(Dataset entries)
=== Section Start ===

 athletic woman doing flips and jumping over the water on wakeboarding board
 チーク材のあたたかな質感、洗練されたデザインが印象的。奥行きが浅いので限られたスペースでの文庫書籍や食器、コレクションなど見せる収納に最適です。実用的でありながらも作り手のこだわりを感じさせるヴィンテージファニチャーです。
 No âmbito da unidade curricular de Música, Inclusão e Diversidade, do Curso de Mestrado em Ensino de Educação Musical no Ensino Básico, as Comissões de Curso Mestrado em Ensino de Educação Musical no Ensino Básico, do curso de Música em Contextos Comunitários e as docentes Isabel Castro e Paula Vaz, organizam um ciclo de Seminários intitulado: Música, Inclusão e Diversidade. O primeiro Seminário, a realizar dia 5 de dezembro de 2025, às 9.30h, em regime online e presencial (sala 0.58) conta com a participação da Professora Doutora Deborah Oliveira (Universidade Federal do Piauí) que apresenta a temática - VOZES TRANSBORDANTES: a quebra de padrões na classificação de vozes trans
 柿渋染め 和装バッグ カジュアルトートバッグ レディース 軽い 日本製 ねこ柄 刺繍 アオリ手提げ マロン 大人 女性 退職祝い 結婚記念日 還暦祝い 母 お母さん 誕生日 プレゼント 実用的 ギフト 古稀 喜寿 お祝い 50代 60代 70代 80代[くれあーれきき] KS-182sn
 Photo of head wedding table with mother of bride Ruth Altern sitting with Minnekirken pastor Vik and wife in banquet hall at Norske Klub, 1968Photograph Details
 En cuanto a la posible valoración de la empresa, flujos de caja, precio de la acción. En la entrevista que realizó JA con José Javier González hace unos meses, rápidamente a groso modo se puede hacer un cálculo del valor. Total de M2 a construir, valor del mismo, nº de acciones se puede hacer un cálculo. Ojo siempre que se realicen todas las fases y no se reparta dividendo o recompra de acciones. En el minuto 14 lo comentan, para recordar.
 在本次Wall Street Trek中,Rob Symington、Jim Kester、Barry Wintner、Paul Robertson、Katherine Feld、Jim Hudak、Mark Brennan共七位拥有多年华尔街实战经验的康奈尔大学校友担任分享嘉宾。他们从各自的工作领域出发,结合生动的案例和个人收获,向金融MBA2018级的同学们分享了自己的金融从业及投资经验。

=== Section End ===

● **Task objective**: All that should be written out is the stretch of lines above between the one holding "柿渋染め 和装バッグ カジュアルトートバッグ" and the one holding "En cuanto a", inclusive, exactly as given.

● **Task solution**:
 柿渋染め 和装バッグ カジュアルトートバッグ レディース 軽い 日本製 ねこ柄 刺繍 アオリ手提げ マロン 大人 女性 退職祝い 結婚記念日 還暦祝い 母 お母さん 誕生日 プレゼント 実用的 ギフト 古稀 喜寿 お祝い 50代 60代 70代 80代[くれあーれきき] KS-182sn
 Photo of head wedding table with mother of bride Ruth Altern sitting with Minnekirken pastor Vik and wife in banquet hall at Norske Klub, 1968Photograph Details
 En cuanto a la posible valoración de la empresa, flujos de caja, precio de la acción. En la entrevista que realizó JA con José Javier González hace unos meses, rápidamente a groso modo se puede hacer un cálculo del valor. Total de M2 a construir, valor del mismo, nº de acciones se puede hacer un cálculo. Ojo siempre que se realicen todas las fases y no se reparta dividendo o recompra de acciones. En el minuto 14 lo comentan, para recordar.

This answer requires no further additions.